String to search:- 'Smith A Steve'
SELECT col_str
FROM tbl_pat_soundex
WHERE PATINDEX('%Smith%',col_str) >= 1 AND PATINDEX('%A%',col_str) >= 1 AND PATINDEX('%Steve%',col_str) >= 1
Getting Output:
col_str
--------------
Smith A Steve
Steve Smith A
Expected Output:
col_str
----------------
Smith A Steve
Steve A Smyth
A Smeeth Stive
Steve Smith A
Smit Steve A
Tried:
1:
SELECT col_str
FROM tbl_pat_soundex
WHERE PATINDEX('%Smith%',col_str) >= 1 AND
PATINDEX('%A%',col_str) >= 1 AND
PATINDEX('%Steve%',col_str) >= 1
2:
SELECT col_str
FROM tbl_pat_soundex
WHERE PATINDEX('%'+SOUNDEX('Smith')+'%',SOUNDEX(col_str)) >= 1 AND
PATINDEX('%'+SOUNDEX('A')+'%',SOUNDEX(col_str)) >= 1 AND
PATINDEX('%'+SOUNDEX('Steve')+'%',SOUNDEX(col_str)) >= 1
3:
SELECT col_str
FROM tbl_pat_soundex
WHERE DIFFERENCE('Smith',col_str) = 4 AND
DIFFERENCE('A',col_str) =4 AND
DIFFERENCE('Steve',col_str) = 4
4:
--Following was taking huge time(was kept running more than 20 minutes) to execute.
SELECT DISTINCT col_str
FROM tbl_pat_soundex [a]
CROSS APPLY SplitString([a].[col_str], ' ') [b]
WHERE DIFFERENCE([b].Item,'Smith') >= 1 AND
DIFFERENCE([b].Item,'A') >= 1 AND
DIFFERENCE([b].Item,'Steve') >= 1

With such a lot of rows the only hint I can give you is: Change the design. Each name part should live in a separate column...
The following will work, but I promise it will be slow...
--set up a test db
USE master;
GO
CREATE DATABASE shnugo;
GO
USE shnugo;
GO
--your table, I added an ID-column
create table tbl_pat_soundex
(
ID INT IDENTITY --needed to distinguish rows
,col_str varchar(max)
);
GO
--A function, which will return a blank-separated string as a alphabetically sorted list of distinct soundex values separated by /: "Smith A Steve" comes back as /A000/S310/S530/
CREATE FUNCTION dbo.ComputeSoundex(#str VARCHAR(MAX))
RETURNS VARCHAR(MAX)
AS
BEGIN
DECLARE #tmpXML XML=CAST('<x>' + REPLACE((SELECT #str AS [*] FOR XML PATH('')),' ','</x><x>') + '</x>' AS XML);
RETURN (SELECT DISTINCT '/' + SOUNDEX(x.value('text()[1]','varchar(max)')) AS [se]

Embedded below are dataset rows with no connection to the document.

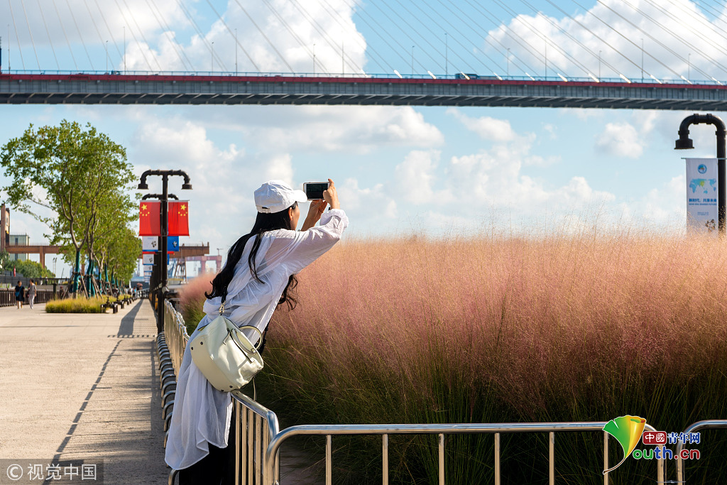 上海楊浦濱江粉黛亂子草成片盛開 美不勝收
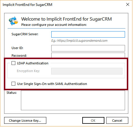 Upon clicking OK, FrontEnd will attempt to login to SugarCRM. If you receive an error
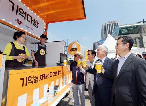 기억다방은 경도인지장애 또는 경증치매 진단을 받은 어르신이 바리스타로 참여하는 이동식 카페다.
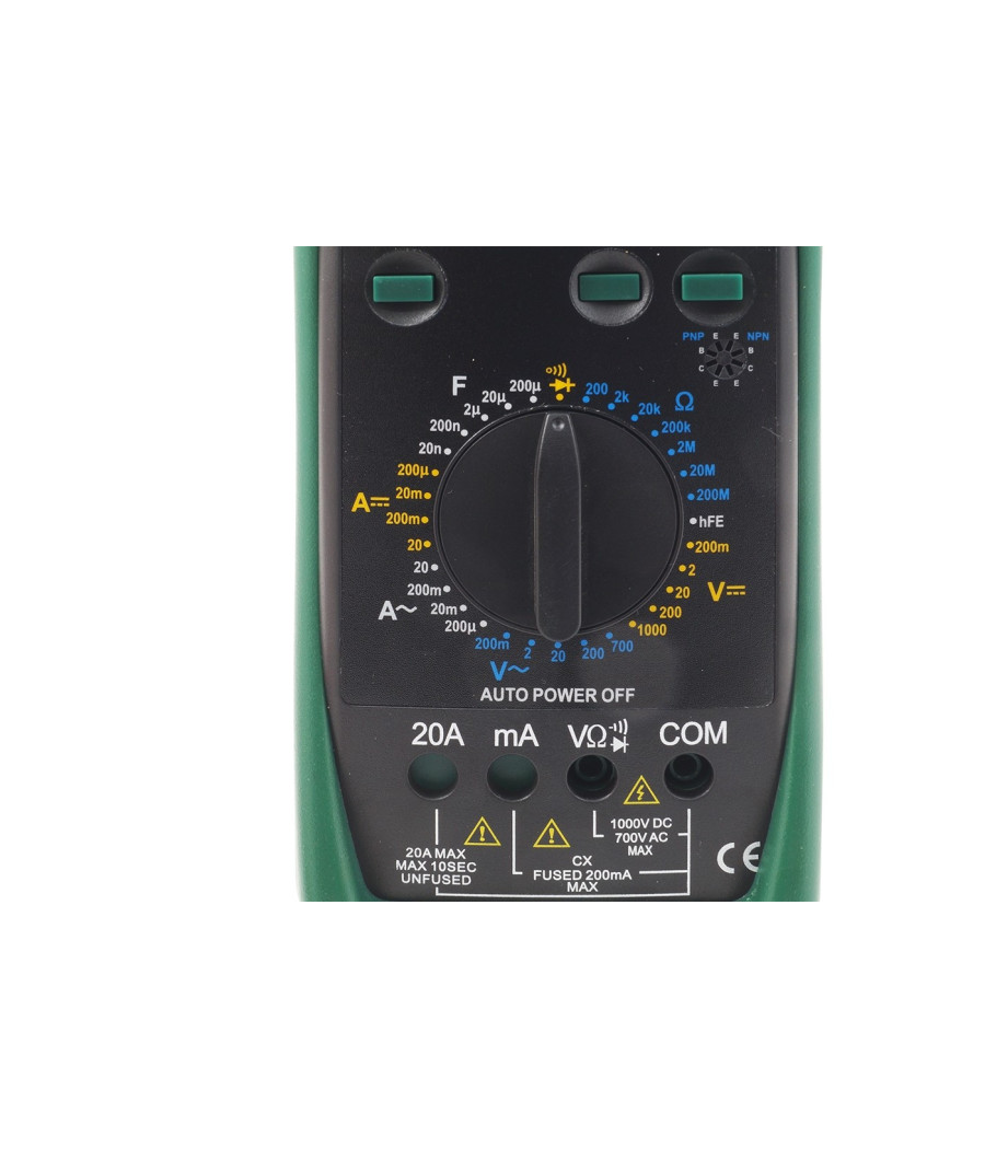 Misura IL VOLTAGGIO DC e AC, corrente AC e DC, resistenza, diodi, transistor, frequenze, temperature, capacità e continuità.
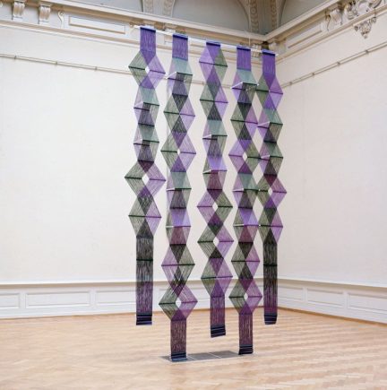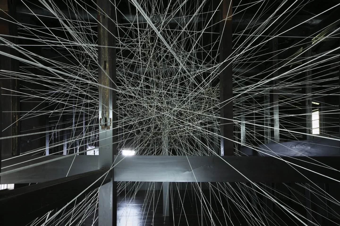 With its walls removed, the structure of a house is laid bare. The sculptor Antony Gormley has installed 682 cords that cut through the pillars and beams of the space from walls, floor and ceiling, and condense around the volume of the artist’s body in a central polyhedral matrix.
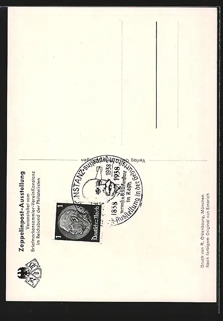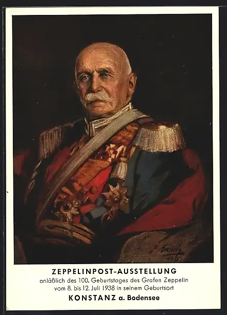 AK Konstanz, Zeppelinpost-Ausstellung, Portrait des Grafen Zeppelin in Uniform, zum 100. Geburtstag, im Juli 1938

FROM #tmpXML.nodes('/x[text()]') A(x)
ORDER BY se
FOR XML PATH(''),TYPE).value('.','nvarchar(max)') + '/';
END
GO
--Add a column to store a computed soundex-chain permanently
ALTER TABLE tbl_pat_soundex ADD SortedSoundExPattern VARCHAR(MAX);
GO
--We need a trigger to maintain the computed soundex-chain on any insert or update
CREATE TRIGGER RefreshComputeSoundex ON tbl_pat_soundex
FOR INSERT,UPDATE
AS
BEGIN
UPDATE s SET SortedSoundExPattern=dbo.ComputeSoundex(i.col_str)
FROM tbl_pat_soundex s
INNER JOIN inserted i ON s.ID=i.ID;
END
GO
--test data
insert into tbl_pat_soundex(col_str) values
('Smith A Steve')
,('Steve A Smyth')
,('A Smeeth Stive')
,('Steve Smith A')
,('Smit Steve A')
,('Smit Steve') --no A
,('Smit A') --no Steve
,('Smit Smith Robert Peter A') --add noise
,('Shnugo'); --something else entirely
--check the intermediate result
SELECT *
FROM tbl_pat_soundex
/*
+----+---------------------------+-----------------------+
| ID | col_str | SortedSoundExPattern |
+----+---------------------------+-----------------------+
| 1 | Smith A Steve | /A000/S310/S530/ |
+----+---------------------------+-----------------------+
| 2 | Steve A Smyth | /A000/S310/S530/ |
+----+---------------------------+-----------------------+
| 3 | A Smeeth Stive | /A000/S310/S530/ |
+----+---------------------------+-----------------------+
| 4 | Steve Smith A | /A000/S310/S530/ |
+----+---------------------------+-----------------------+
| 5 | Smit Steve A | /A000/S310/S530/ |
+----+---------------------------+-----------------------+
| 6 | Smit Steve | /S310/S530/ |
+----+---------------------------+-----------------------+
| 7 | Smit A | /A000/S530/ |
+----+---------------------------+-----------------------+
| 8 | Smit Smith Robert Peter A | /A000/P360/R163/S530/ |
+----+---------------------------+-----------------------+
| 9 | Shnugo | /S520/ |
+----+---------------------------+-----------------------+
*/
--Now we can start to search:
DECLARE #StringToSearch VARCHAR(MAX)=' A Steve';
WITH SplittedSearchString AS
(
SELECT soundexCode.value('text()[1]','nvarchar(max)') AS SoundExCode
FROM (SELECT CAST('<x>' + REPLACE(dbo.ComputeSoundex(#StringToSearch),'/','</x><x>') + '</x>' AS XML)) A(x)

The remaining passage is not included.